| YOUR INSTRUCTIONS |
All of the records below must be output exactly, with no pictures carried over.

(Beginning of MATERIAL SUPPLIED)

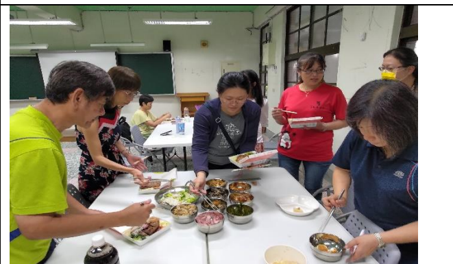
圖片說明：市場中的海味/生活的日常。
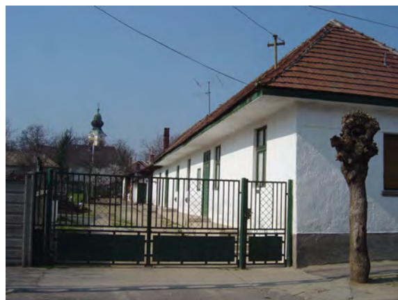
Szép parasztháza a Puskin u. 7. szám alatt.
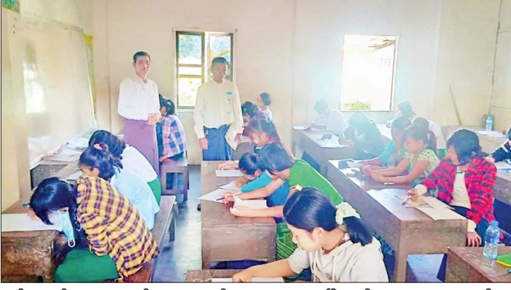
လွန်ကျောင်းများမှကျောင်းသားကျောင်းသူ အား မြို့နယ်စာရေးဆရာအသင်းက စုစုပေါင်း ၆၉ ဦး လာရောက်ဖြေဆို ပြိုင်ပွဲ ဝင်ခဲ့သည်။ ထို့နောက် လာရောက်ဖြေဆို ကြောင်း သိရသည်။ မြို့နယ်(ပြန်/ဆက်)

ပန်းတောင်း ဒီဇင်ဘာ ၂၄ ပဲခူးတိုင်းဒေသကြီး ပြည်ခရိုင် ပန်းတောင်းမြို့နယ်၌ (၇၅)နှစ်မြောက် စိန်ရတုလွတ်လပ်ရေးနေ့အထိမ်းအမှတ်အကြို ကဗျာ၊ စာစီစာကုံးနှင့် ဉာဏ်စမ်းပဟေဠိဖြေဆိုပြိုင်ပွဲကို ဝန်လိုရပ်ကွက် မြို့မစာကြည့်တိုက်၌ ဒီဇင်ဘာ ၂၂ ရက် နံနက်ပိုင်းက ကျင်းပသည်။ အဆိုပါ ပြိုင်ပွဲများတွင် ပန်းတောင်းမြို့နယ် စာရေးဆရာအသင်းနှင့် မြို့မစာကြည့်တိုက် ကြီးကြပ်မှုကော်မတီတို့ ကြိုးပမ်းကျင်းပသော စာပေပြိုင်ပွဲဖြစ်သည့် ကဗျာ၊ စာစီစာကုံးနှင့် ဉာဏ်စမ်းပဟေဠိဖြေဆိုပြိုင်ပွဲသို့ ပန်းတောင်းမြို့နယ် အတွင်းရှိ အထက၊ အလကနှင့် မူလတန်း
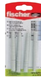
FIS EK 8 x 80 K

(End of MATERIAL SUPPLIED)

| OUTPUT |
圖片說明：市場中的海味/生活的日常。
Szép parasztháza a Puskin u. 7. szám alatt.
လွန်ကျောင်းများမှကျောင်းသားကျောင်းသူ အား မြို့နယ်စာရေးဆရာအသင်းက စုစုပေါင်း ၆၉ ဦး လာရောက်ဖြေဆို ပြိုင်ပွဲ ဝင်ခဲ့သည်။ ထို့နောက် လာရောက်ဖြေဆို ကြောင်း သိရသည်။ မြို့နယ်(ပြန်/ဆက်)

ပန်းတောင်း ဒီဇင်ဘာ ၂၄ ပဲခူးတိုင်းဒေသကြီး ပြည်ခရိုင် ပန်းတောင်းမြို့နယ်၌ (၇၅)နှစ်မြောက် စိန်ရတုလွတ်လပ်ရေးနေ့အထိမ်းအမှတ်အကြို ကဗျာ၊ စာစီစာကုံးနှင့် ဉာဏ်စမ်းပဟေဠိဖြေဆိုပြိုင်ပွဲကို ဝန်လိုရပ်ကွက် မြို့မစာကြည့်တိုက်၌ ဒီဇင်ဘာ ၂၂ ရက် နံနက်ပိုင်းက ကျင်းပသည်။ အဆိုပါ ပြိုင်ပွဲများတွင် ပန်းတောင်းမြို့နယ် စာရေးဆရာအသင်းနှင့် မြို့မစာကြည့်တိုက် ကြီးကြပ်မှုကော်မတီတို့ ကြိုးပမ်းကျင်းပသော စာပေပြိုင်ပွဲဖြစ်သည့် ကဗျာ၊ စာစီစာကုံးနှင့် ဉာဏ်စမ်းပဟေဠိဖြေဆိုပြိုင်ပွဲသို့ ပန်းတောင်းမြို့နယ် အတွင်းရှိ အထက၊ အလကနှင့် မူလတန်း
FIS EK 8 x 80 K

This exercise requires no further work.